Reinforcement learning - JUNE 29TH 2024
One of the most important parts of reinforcement learning is the reward function, which is pretty obvious, how else would we feed the lil robot treats for winning?
Anyway, in working with css AI I realized 2 things,
1) i'm an idiot
2) the gymnasium library really makes RL look easy!!
I mean, if the game already had a wrapper for it, i'd be living wonderfully, unfortunately, it doesn’t!
How do you even define a reward for css surf?? Obviously we want to go fast, and go fast in the forward direction, but what about when we turn to go sideways?

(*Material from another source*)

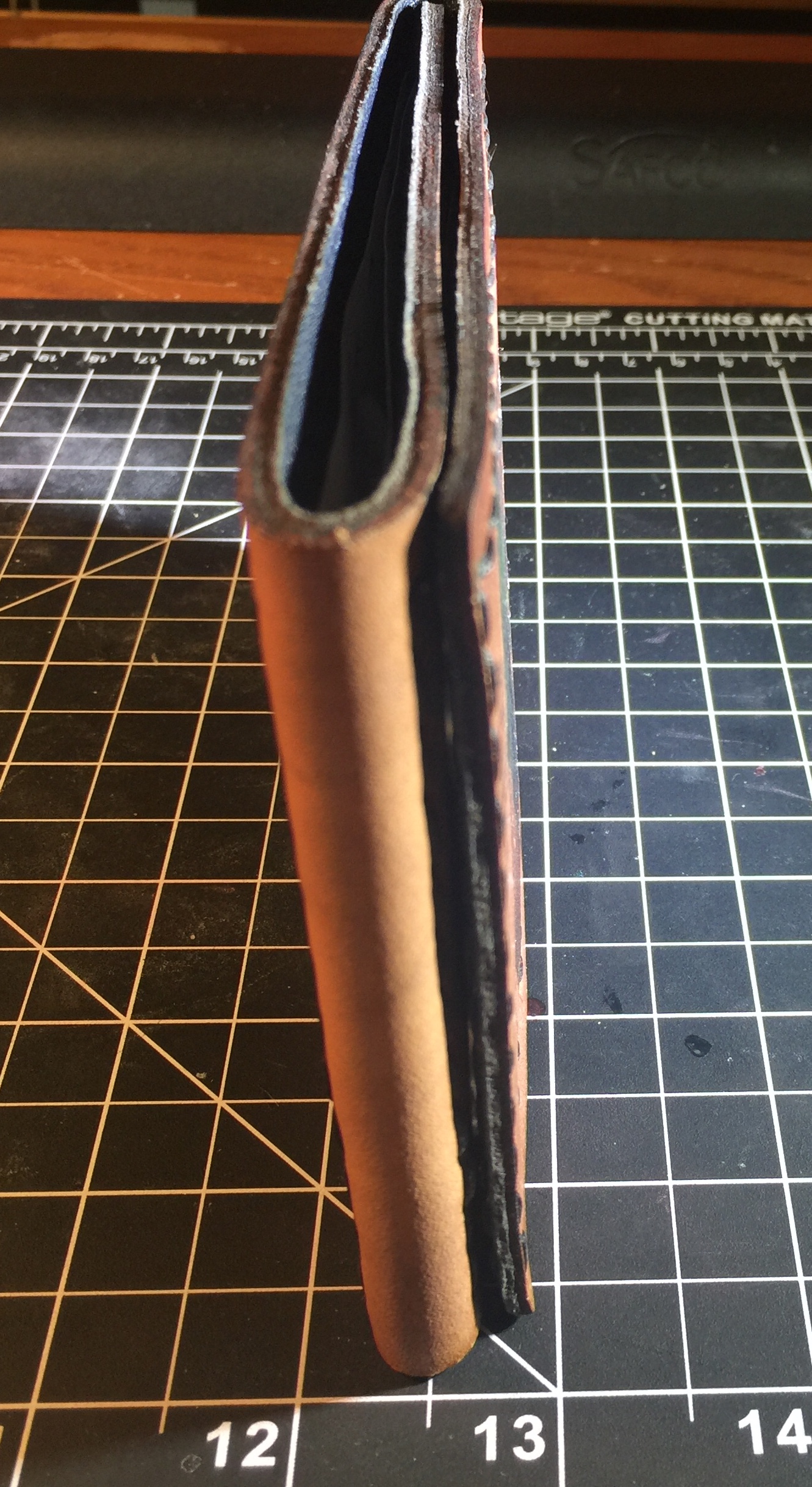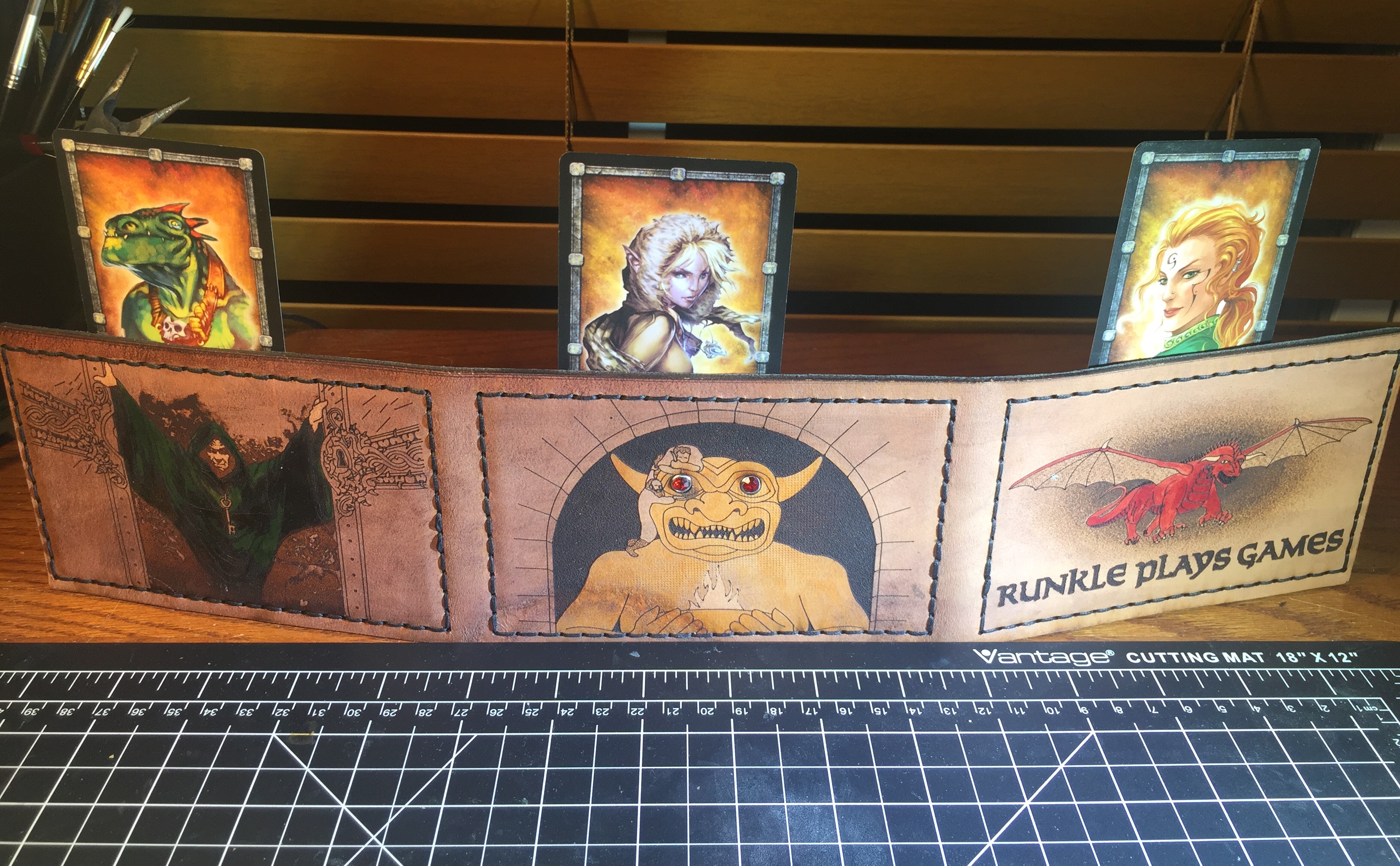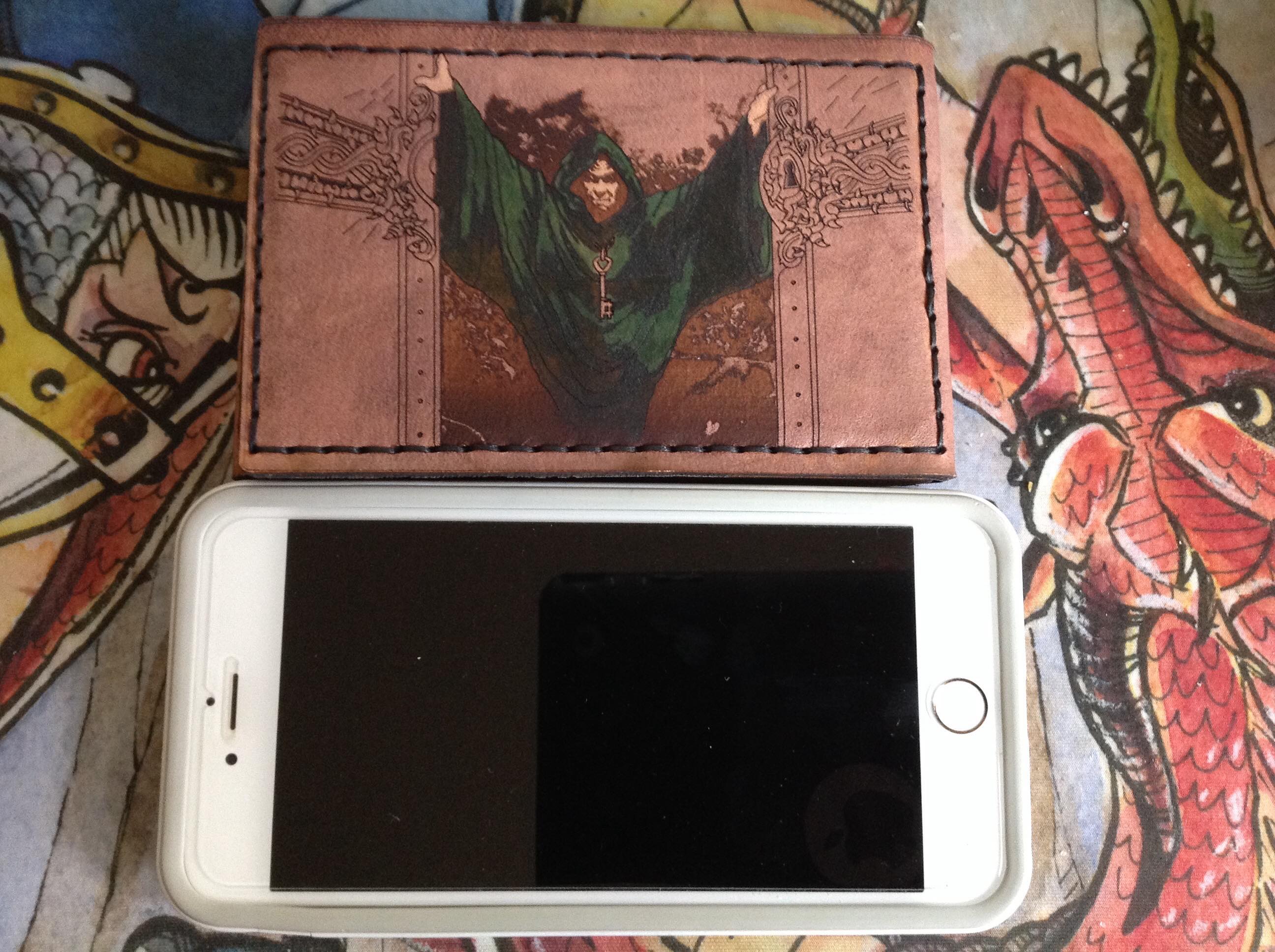 The game screen itself is nothing short of a work of art. The craftsmanship is top-notch. Its appearance will only get better with use as the leather ages. Taking on the character of the sessions, months and years of gaming it will see. The artwork is in the style of the first edition of D&D core books. This also complements the art on the Dice Cups that he crafts as well. This will make a nice looking set at the table of any game session. The screen itself measures just over 16 inches long and shy of 5 inches high. Making it large for some pockets but in reality, is only slightly bigger than my iPhone plus when folded. Thus making it perfect for travel for me. I use a couple of disk magnets to keep it game screen securely closed when not in use. It turned out looking amazing but a bit smaller than my first plan. I had originally wanted the screen sized for 4×6 inch index cards. But with the finished wallet in hand, I now think that it would have been too large.

And after all of that, how do we let the agent know what path ISN’T a drop to its death without just giving it the path to go?
While an experienced engineer would probably recognize all of these issues quickly and work to fix them, I'm an idiot!
I began by simply feeding the position and angle of the player into the model, while this worked kind of when my reward function only wanted it to move fast, I recognized as i moved on that I should probably
1) read info directly from memory, instead of from a console log
2) Give it eyes!
I mean what kind of ‘observation’ is it if the poor guy can’t even see??
So i need to embed both transform data and a screenshot at each observation in one tensor, then act on that, probably easy to do right?
It was pretty easy to add this, just needed to move some stuff around, now the model consists of conv2d layers for processing the image, which is just a 512x512 screenshot in greyscale, and some linears for the positional data, which is just 6 items (xyz pos/angle).
This, along with a revamped reward function seemed to improve the model, and the time-to-first-surf was lowered. I also reworked how I grabbed the positional data, and made a sourcemod plugin to allow me to grab all the info at any moment using rcon, which proved to be very reliable.
Another thing is that i'm using an epsilon-greedy agent to train this model, but perhaps some other agent architecture would be more suitable, I’ll look into it if i return to this project.
Things i learnt from this:
RL is more about determining a good reward function than anything
It can be slow and painful
Starting the model with some supervised learning is FINE, especially when you need to teach it some crucial mechanics. Obviously for a situation like this,it's not as critical, however if we look at something like a self-driving car, you wouldn’t want to risk this kind of stuff.
This was a fun experiment, and I will probably return to it one day, however I think my current perspective isn’t correct to solve this problem, which is fine.